[Source material — start]

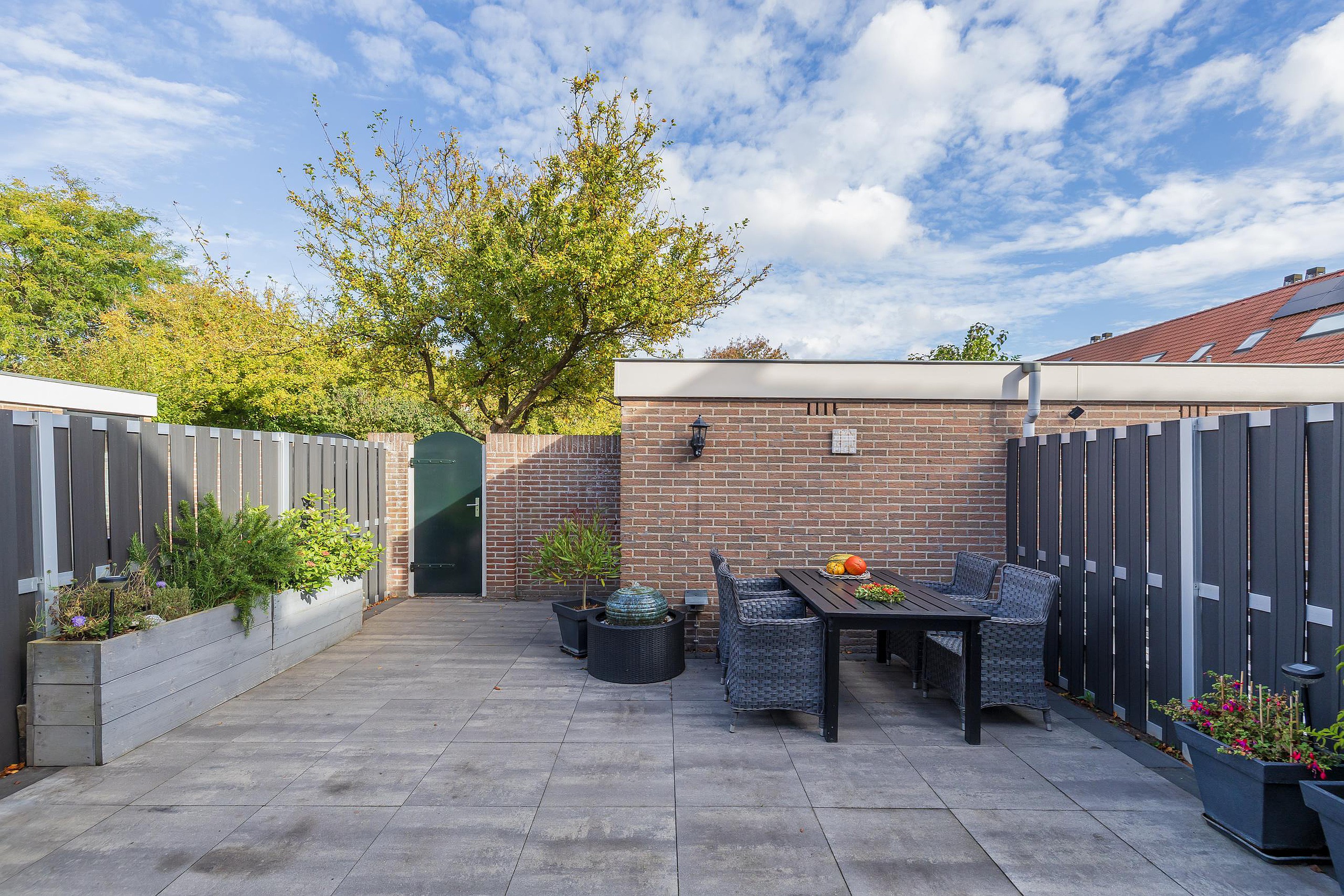 De voortuin is keurig verzorgd en dat geldt ook voor de heerlijke ruime achtertuin met schuttingen aan beide zijden, een stenen berging en een achterom naar het speelveld.
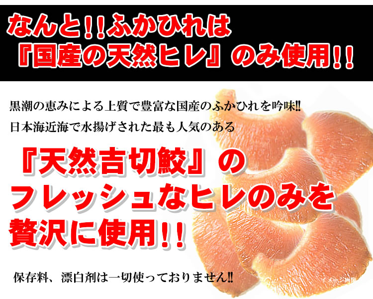 ●日本近海で水揚げされた、フレッシュなヒレのみを使用!
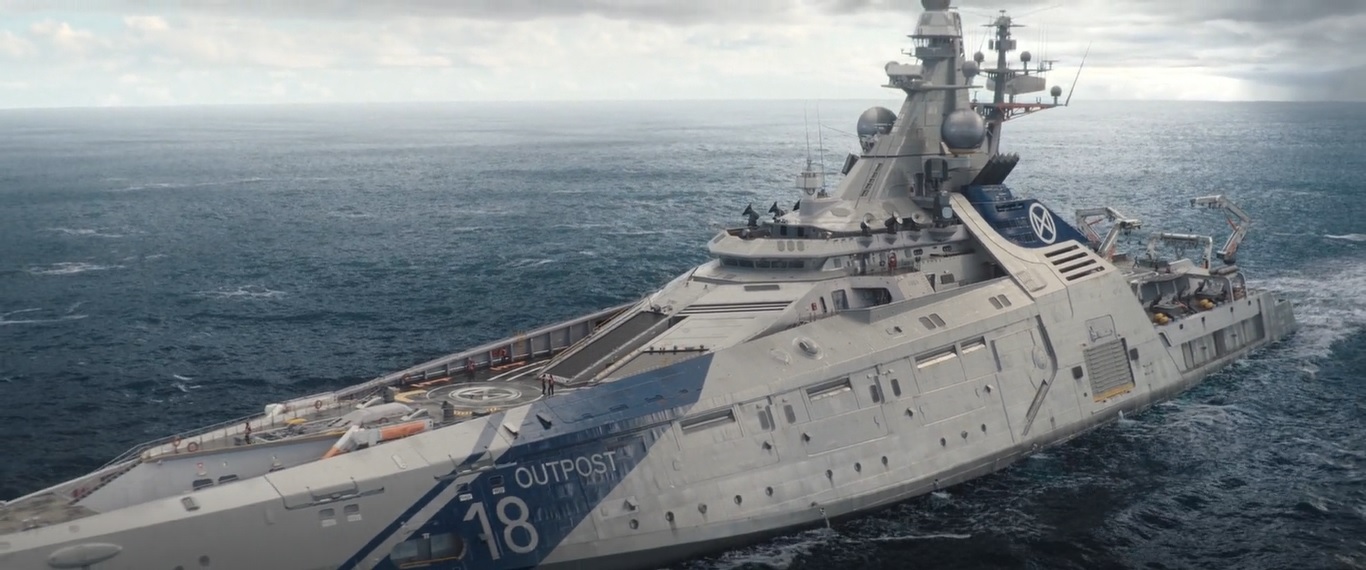 During the joint Monarch-Apex Cybernetics operation to rescue Cate Randa, May Olowe-Hewitt, and Lee Shaw from Axis Mundi, Outpost 18 was stationed outside of Skull Island as Monarch monitored the progress of the mission. Following the release of Titan X from Axis Mundi, Outpost 18 pursued the creature and sought to prevent it from wreaking havoc upon the ocean.
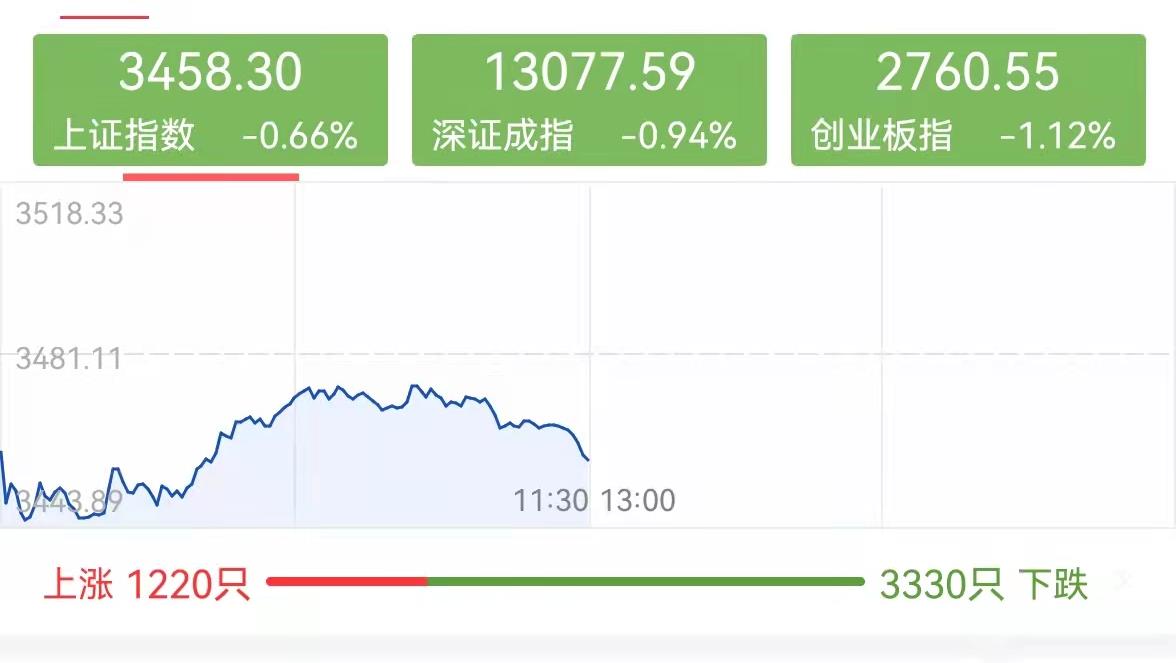 3月4日上午,A股三大指數(shù)震蕩回落,截至上午收盤,上證指數(shù)跌0.66%,報3458.3點(diǎn);深證成指和創(chuàng)業(yè)板指跌幅分別為0.94%和1.12%;滬深兩市合計成交額6119.7億元;總體來看,兩市個股跌多漲少。

[Source material — finish]

What is required:
Output the data above exactly, excluding images.

Written answer:
 De voortuin is keurig verzorgd en dat geldt ook voor de heerlijke ruime achtertuin met schuttingen aan beide zijden, een stenen berging en een achterom naar het speelveld.
 ●日本近海で水揚げされた、フレッシュなヒレのみを使用!
 During the joint Monarch-Apex Cybernetics operation to rescue Cate Randa, May Olowe-Hewitt, and Lee Shaw from Axis Mundi, Outpost 18 was stationed outside of Skull Island as Monarch monitored the progress of the mission. Following the release of Titan X from Axis Mundi, Outpost 18 pursued the creature and sought to prevent it from wreaking havoc upon the ocean.
 3月4日上午,A股三大指數(shù)震蕩回落,截至上午收盤,上證指數(shù)跌0.66%,報3458.3點(diǎn);深證成指和創(chuàng)業(yè)板指跌幅分別為0.94%和1.12%;滬深兩市合計成交額6119.7億元;總體來看,兩市個股跌多漲少。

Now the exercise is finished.